ACTIVITY:
Go through the records and restate them word for word, omitting images.

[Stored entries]
*** Block opens ***

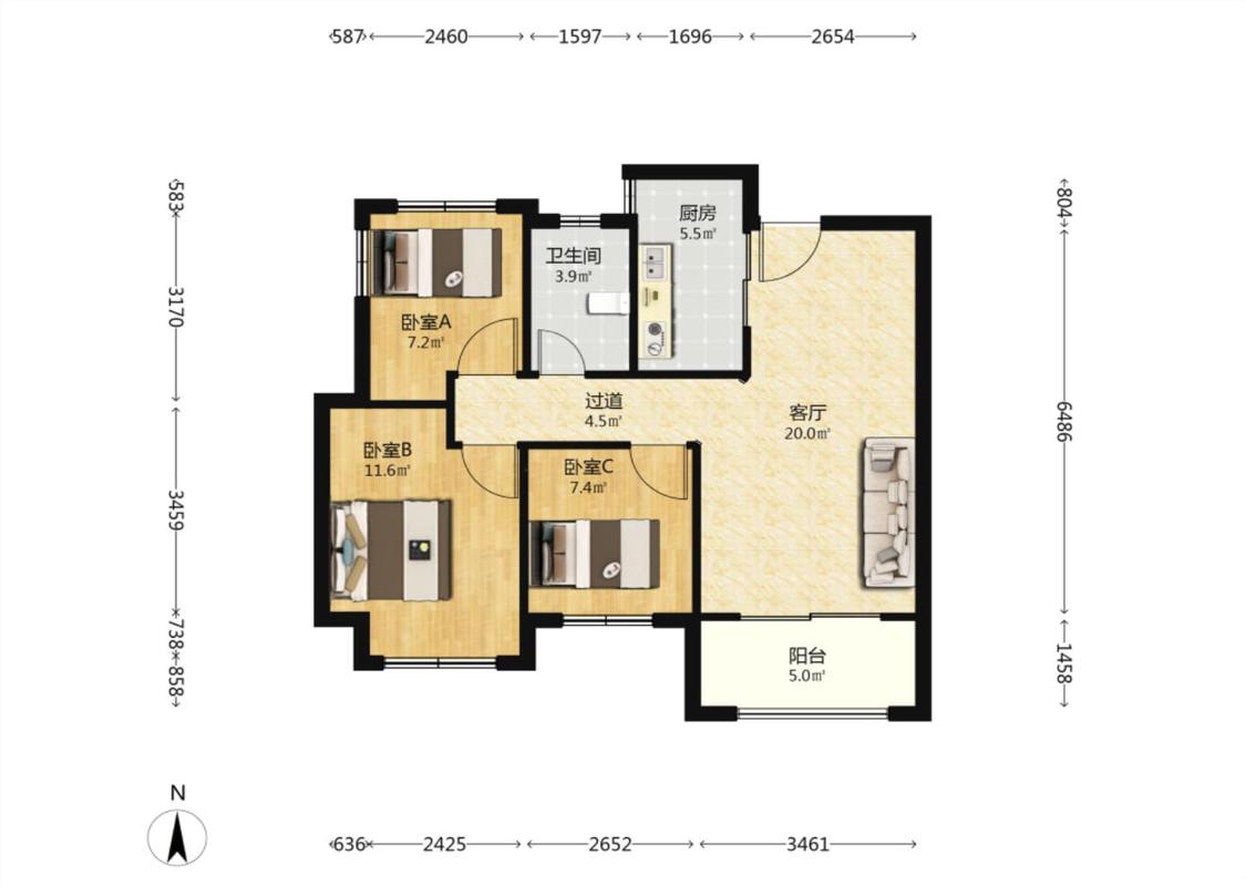 3室1厅 明发浦泰梦幻家
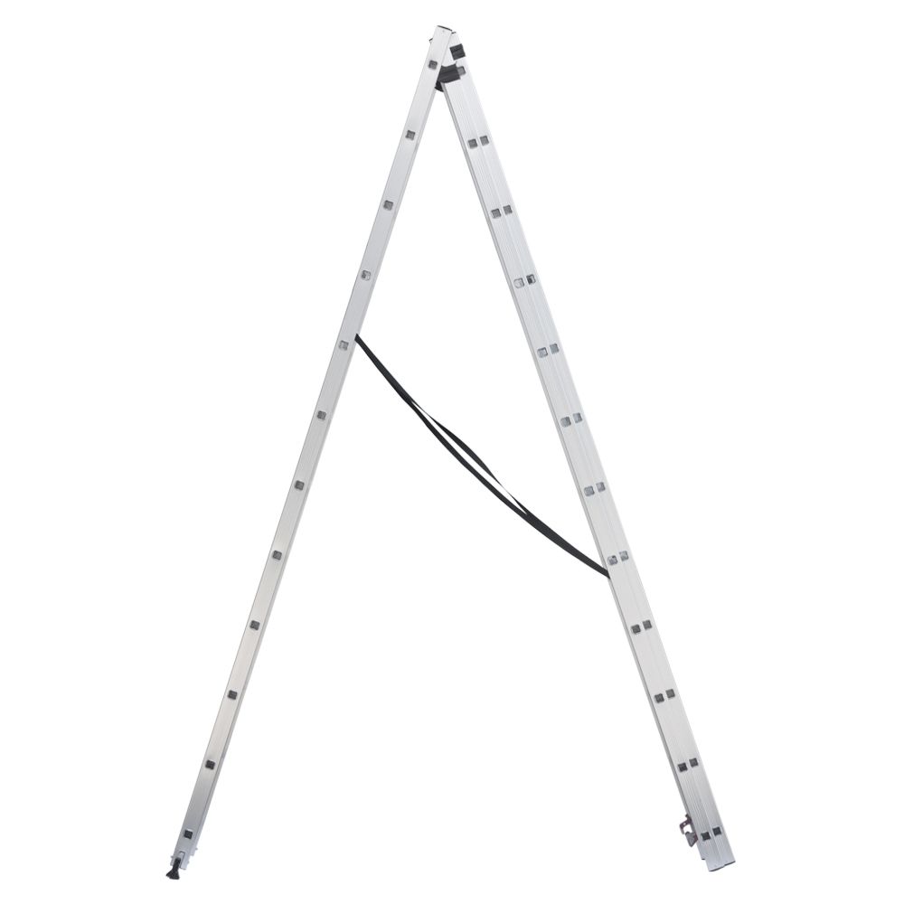 Драбина розкладна універсальна SIGMA з 12 сходинками і максимальною висотою 7,89 м стане надійним помічником як у будівельних чи ремонтних роботах, так і в садівництві. Конструкція дозволяє використовувати її як приставну, висувну або класичну стрем’янку, забезпечуючи комфорт та безпеку під час будь-яких завдань. Виготовлена з міцного алюмінію, вона витримує навантаження до 150 кг, має широкий упор для стійкості, рифлені нековзні сходинки та захисні ніжки. Система самофіксуючих гачків та міцні ремені запобігають довільному розсуванню секцій, а продумана конструкція забезпечує зручне складання й транспортування. У складеному вигляді висота становить 3,3 м, у вигляді стрем’янки – 3,2 м, а у формі «А» – 5,35 м, що робить її універсальним рішенням для роботи на різних висотах.
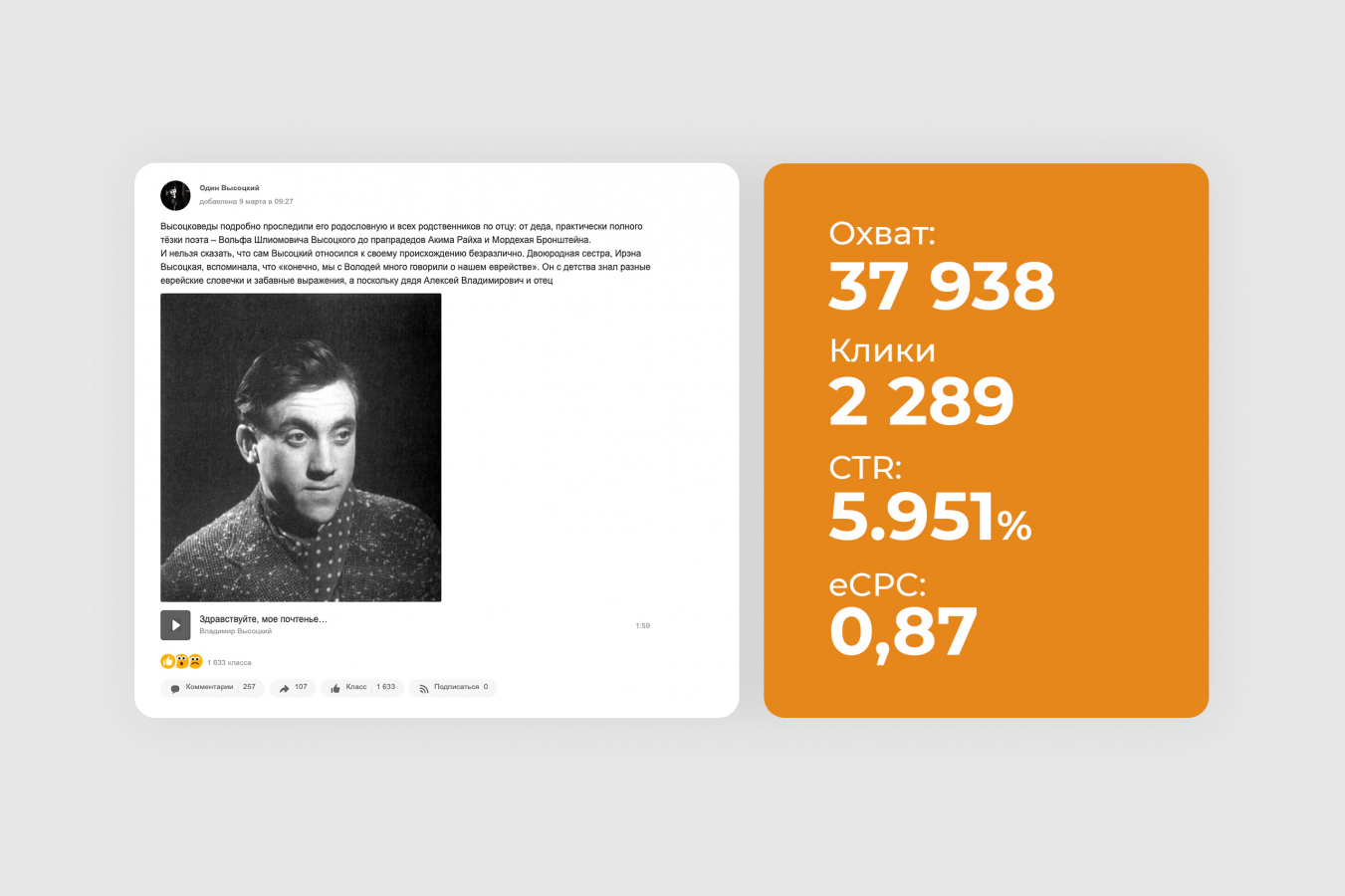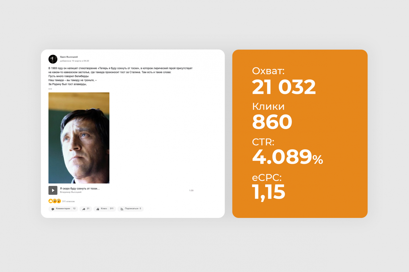 Основатели проекта «Один Высоцкий» считают, что успех рекламной кампании кроется в том, что Рувинский тестировал разную подачу контента. Например, посты о творческом кризисе или вдохновении, любви или грусти собирали наибольший отклик у аудитории. Значит если подавать информацию так, чтобы она «цепляла за живое», то соотношение кликов (CTR) к показам сильно превышает стандартные показатели. Некоторые рекламные посты этой кампании имели CTR от 3% до 6% — они и стали основным драйвером роста группы.
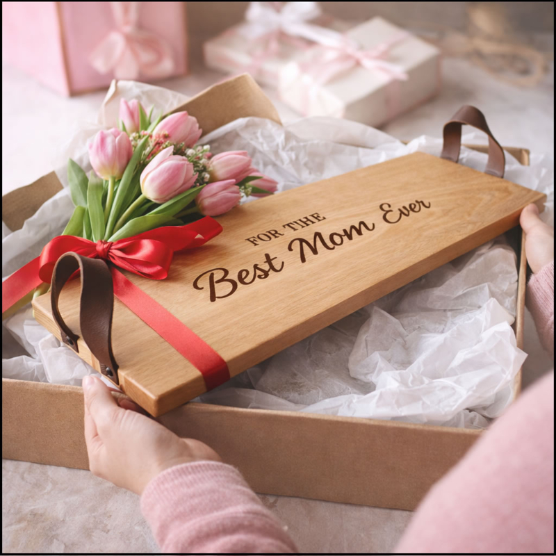 Houten dienblad met jouw eigen tekst erop gegraveerd
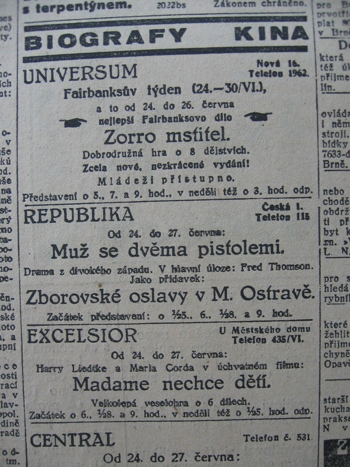 Jako přídavek: Zborovské oslavy v Mor. Ostravě. Začátek představení o půl 5., 6., půl 8. a 9. hod.
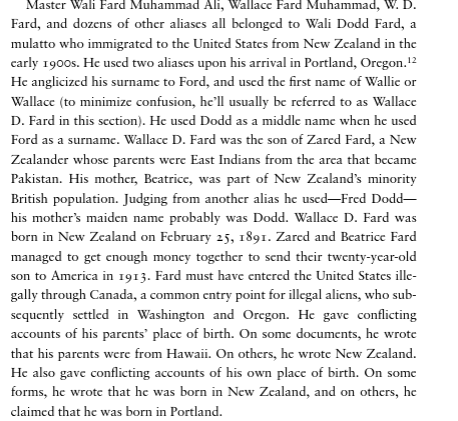 More digging into Fard’s repeated divorces under slightly different names (“George Farr”, “Wali Fard”, “Fred Dodd” ) discovered that he had immigrated from New Zealand, the son of a Pashto father and white mother. His real name seems to be Wali Dodd Fard.
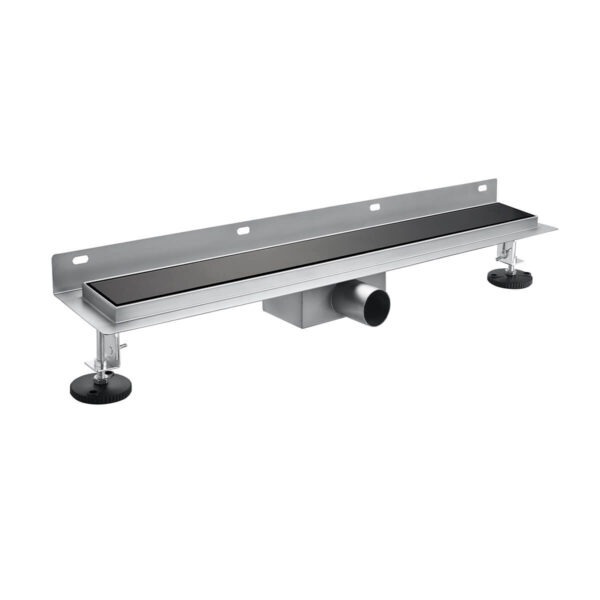 Adjustable Leveling Black Glass Tile In Linear Drain E-G01B
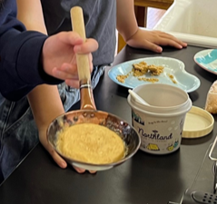 【科学クラブ】カルメ焼き作り 公開日 2025/11/21 更新日 2025/11/21 お知らせ 今日の科学クラブでは「カルメ焼き作り」を行いました。以前はうまくできませんでしたが、今回は上手に作れたグループも出てきて、みんなでおいしく食べました!

*** Block closes ***

ANSWER BOX:
 3室1厅 明发浦泰梦幻家
 Драбина розкладна універсальна SIGMA з 12 сходинками і максимальною висотою 7,89 м стане надійним помічником як у будівельних чи ремонтних роботах, так і в садівництві. Конструкція дозволяє використовувати її як приставну, висувну або класичну стрем’янку, забезпечуючи комфорт та безпеку під час будь-яких завдань. Виготовлена з міцного алюмінію, вона витримує навантаження до 150 кг, має широкий упор для стійкості, рифлені нековзні сходинки та захисні ніжки. Система самофіксуючих гачків та міцні ремені запобігають довільному розсуванню секцій, а продумана конструкція забезпечує зручне складання й транспортування. У складеному вигляді висота становить 3,3 м, у вигляді стрем’янки – 3,2 м, а у формі «А» – 5,35 м, що робить її універсальним рішенням для роботи на різних висотах.
 Основатели проекта «Один Высоцкий» считают, что успех рекламной кампании кроется в том, что Рувинский тестировал разную подачу контента. Например, посты о творческом кризисе или вдохновении, любви или грусти собирали наибольший отклик у аудитории. Значит если подавать информацию так, чтобы она «цепляла за живое», то соотношение кликов (CTR) к показам сильно превышает стандартные показатели. Некоторые рекламные посты этой кампании имели CTR от 3% до 6% — они и стали основным драйвером роста группы.
 Houten dienblad met jouw eigen tekst erop gegraveerd
 Jako přídavek: Zborovské oslavy v Mor. Ostravě. Začátek představení o půl 5., 6., půl 8. a 9. hod.
 More digging into Fard’s repeated divorces under slightly different names (“George Farr”, “Wali Fard”, “Fred Dodd” ) discovered that he had immigrated from New Zealand, the son of a Pashto father and white mother. His real name seems to be Wali Dodd Fard.
 Adjustable Leveling Black Glass Tile In Linear Drain E-G01B
 【科学クラブ】カルメ焼き作り 公開日 2025/11/21 更新日 2025/11/21 お知らせ 今日の科学クラブでは「カルメ焼き作り」を行いました。以前はうまくできませんでしたが、今回は上手に作れたグループも出てきて、みんなでおいしく食べました!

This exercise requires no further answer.